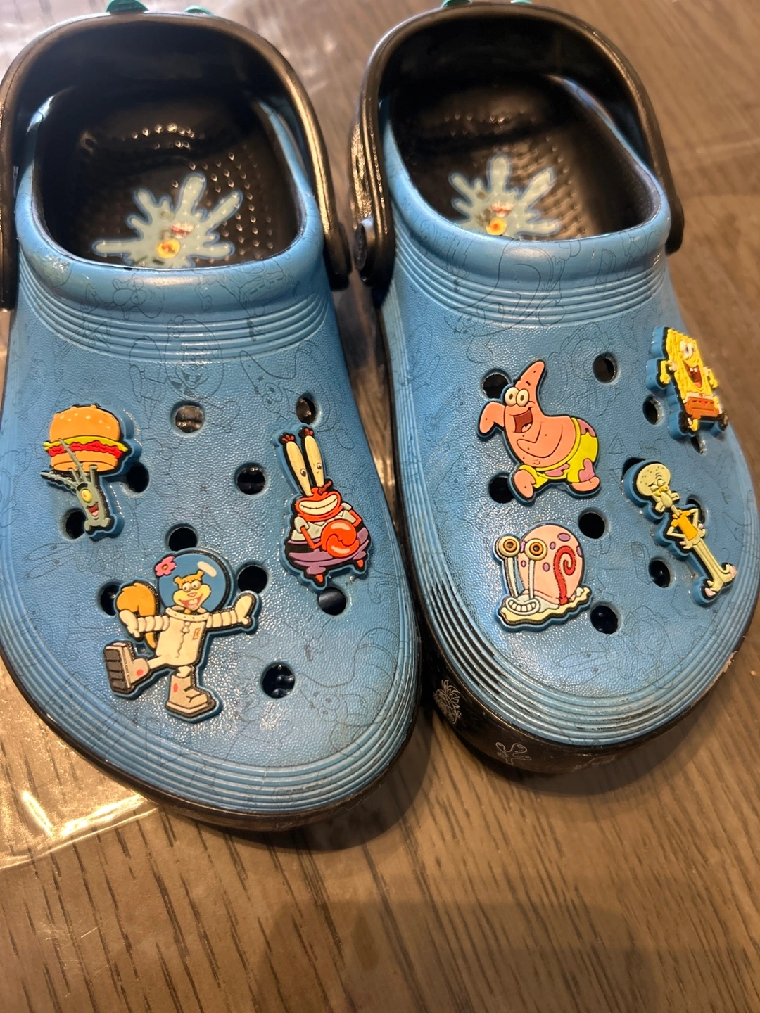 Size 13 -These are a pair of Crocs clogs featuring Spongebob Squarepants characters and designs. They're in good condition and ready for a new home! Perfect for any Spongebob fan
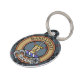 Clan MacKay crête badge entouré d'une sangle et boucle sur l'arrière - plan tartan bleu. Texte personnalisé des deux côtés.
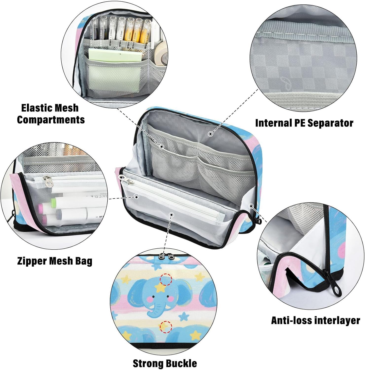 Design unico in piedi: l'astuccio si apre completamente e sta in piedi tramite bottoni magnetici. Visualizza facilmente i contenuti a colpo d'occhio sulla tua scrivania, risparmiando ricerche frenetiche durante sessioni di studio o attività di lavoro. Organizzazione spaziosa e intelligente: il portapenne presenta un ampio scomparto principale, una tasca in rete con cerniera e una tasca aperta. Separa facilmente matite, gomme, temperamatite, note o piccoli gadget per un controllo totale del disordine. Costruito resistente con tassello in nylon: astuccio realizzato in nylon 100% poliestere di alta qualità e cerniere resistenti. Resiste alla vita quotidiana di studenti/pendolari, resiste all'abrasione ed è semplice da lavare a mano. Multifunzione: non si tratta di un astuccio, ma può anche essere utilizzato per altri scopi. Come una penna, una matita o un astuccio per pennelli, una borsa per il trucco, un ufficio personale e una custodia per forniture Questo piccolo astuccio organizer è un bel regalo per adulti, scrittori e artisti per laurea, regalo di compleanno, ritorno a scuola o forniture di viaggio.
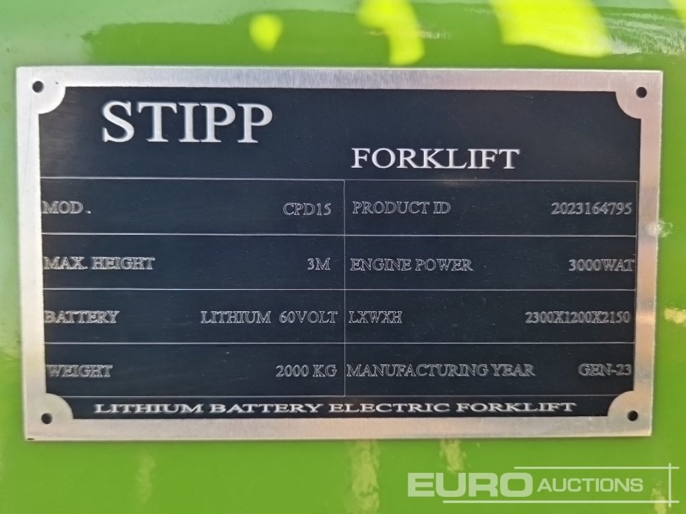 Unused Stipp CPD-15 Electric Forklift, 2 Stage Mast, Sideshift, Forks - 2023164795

--

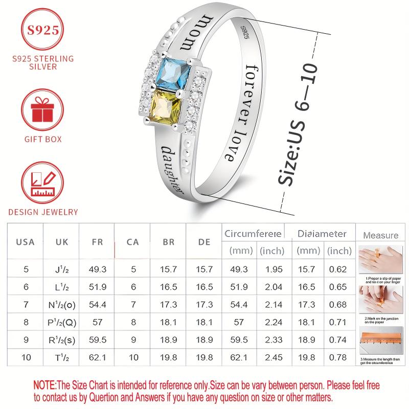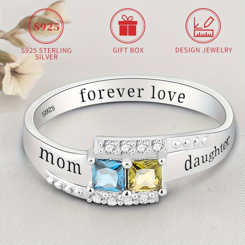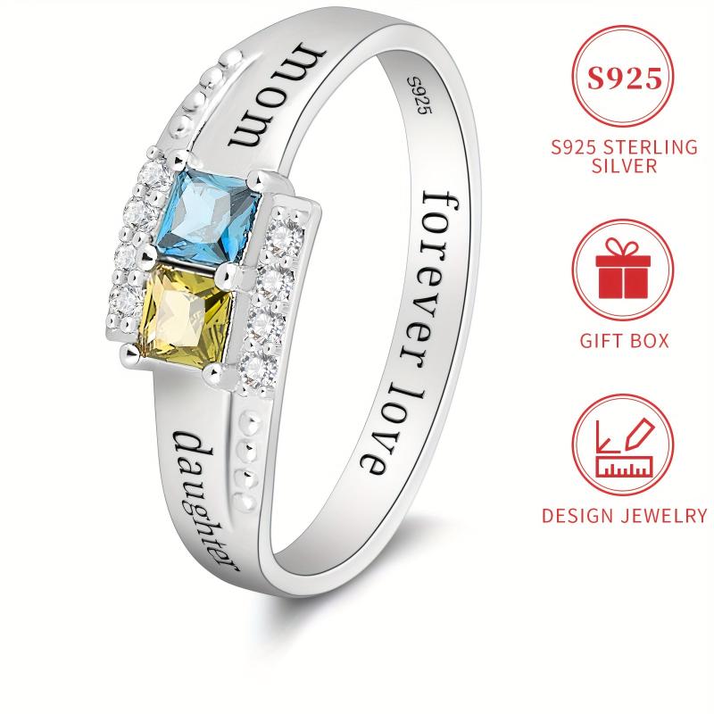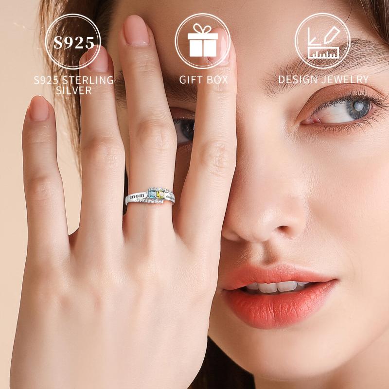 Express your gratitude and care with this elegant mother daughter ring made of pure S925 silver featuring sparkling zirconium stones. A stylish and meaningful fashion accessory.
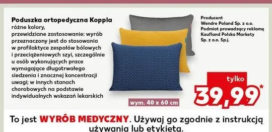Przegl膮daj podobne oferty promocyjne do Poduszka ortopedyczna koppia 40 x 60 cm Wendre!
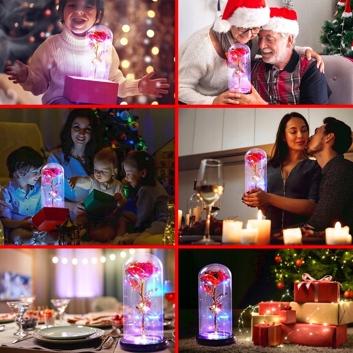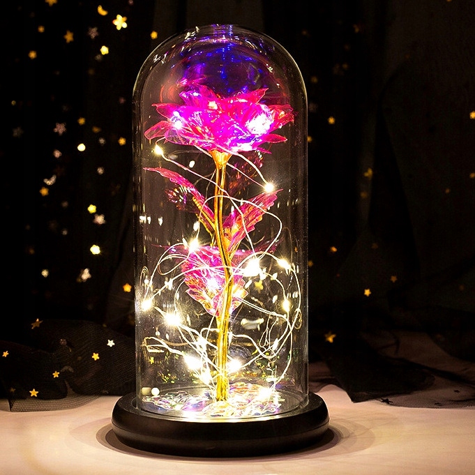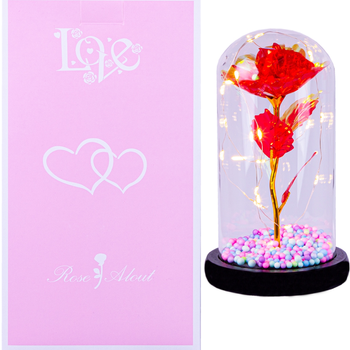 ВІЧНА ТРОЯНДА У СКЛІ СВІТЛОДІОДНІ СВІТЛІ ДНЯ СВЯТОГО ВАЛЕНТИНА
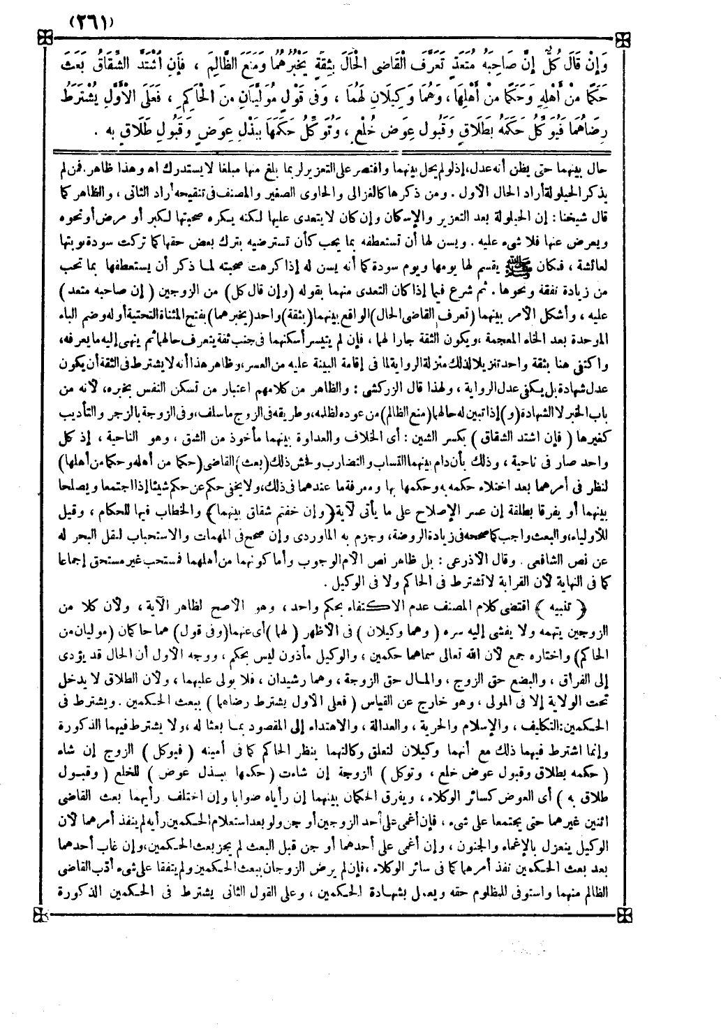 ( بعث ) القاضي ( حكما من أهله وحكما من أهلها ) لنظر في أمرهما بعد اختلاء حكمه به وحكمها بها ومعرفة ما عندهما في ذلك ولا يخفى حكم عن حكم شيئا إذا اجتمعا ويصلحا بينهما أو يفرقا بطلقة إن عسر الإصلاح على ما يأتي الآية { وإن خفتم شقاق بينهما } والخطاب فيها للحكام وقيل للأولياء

==

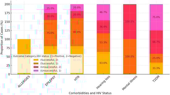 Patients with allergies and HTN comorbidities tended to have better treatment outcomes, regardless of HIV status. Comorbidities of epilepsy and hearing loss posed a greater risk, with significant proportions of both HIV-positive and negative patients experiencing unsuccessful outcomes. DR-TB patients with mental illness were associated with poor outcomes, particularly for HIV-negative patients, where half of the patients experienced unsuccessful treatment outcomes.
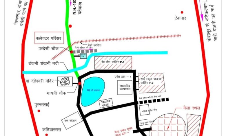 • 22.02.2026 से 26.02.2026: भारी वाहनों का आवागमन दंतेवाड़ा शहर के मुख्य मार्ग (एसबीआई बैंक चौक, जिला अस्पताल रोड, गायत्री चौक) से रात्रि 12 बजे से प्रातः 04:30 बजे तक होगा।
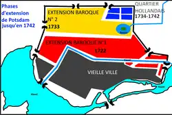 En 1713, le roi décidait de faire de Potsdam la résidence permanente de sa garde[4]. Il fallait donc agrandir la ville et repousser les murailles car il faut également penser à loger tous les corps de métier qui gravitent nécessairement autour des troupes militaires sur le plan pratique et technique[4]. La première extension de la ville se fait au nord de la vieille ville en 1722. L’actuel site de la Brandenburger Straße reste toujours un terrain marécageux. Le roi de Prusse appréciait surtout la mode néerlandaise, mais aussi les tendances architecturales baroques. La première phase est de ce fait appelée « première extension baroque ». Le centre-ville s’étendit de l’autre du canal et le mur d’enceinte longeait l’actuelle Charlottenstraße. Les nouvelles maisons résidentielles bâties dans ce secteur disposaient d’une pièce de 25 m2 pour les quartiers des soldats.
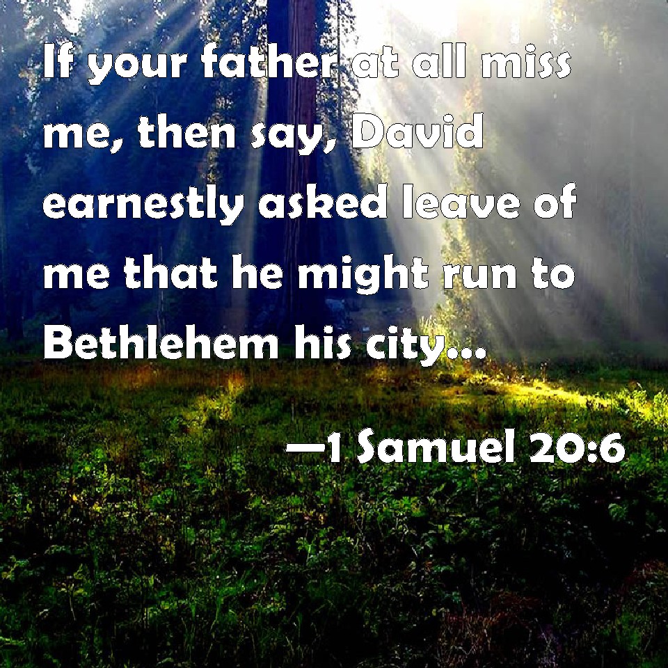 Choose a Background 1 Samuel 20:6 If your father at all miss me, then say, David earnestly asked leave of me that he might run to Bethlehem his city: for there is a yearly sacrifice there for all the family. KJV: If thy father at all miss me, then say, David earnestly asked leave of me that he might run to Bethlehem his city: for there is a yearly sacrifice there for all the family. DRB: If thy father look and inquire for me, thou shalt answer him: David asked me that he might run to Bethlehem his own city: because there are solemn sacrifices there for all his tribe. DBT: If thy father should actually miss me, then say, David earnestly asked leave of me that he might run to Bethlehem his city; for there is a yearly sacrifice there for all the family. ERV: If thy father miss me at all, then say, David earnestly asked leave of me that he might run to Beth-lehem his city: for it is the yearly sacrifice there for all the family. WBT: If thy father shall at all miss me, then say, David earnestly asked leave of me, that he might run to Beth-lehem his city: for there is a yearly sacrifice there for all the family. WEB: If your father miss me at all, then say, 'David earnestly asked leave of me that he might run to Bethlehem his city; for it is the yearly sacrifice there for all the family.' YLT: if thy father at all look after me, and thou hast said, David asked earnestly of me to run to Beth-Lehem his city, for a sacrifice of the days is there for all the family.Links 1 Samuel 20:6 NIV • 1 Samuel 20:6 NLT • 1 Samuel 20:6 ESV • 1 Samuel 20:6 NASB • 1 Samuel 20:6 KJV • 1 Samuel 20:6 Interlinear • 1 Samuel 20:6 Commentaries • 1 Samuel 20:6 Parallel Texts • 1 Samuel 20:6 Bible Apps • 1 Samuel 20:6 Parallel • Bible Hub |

ASSIGNMENT:
Among the lines above, the one with "Size 13 -These" opens the part to repeat and the one with "Clan MacKay crête" closes it; repeat only that part exactly, with no pictures.

ANSWER:
 Size 13 -These are a pair of Crocs clogs featuring Spongebob Squarepants characters and designs. They're in good condition and ready for a new home! Perfect for any Spongebob fan
 Clan MacKay crête badge entouré d'une sangle et boucle sur l'arrière - plan tartan bleu. Texte personnalisé des deux côtés.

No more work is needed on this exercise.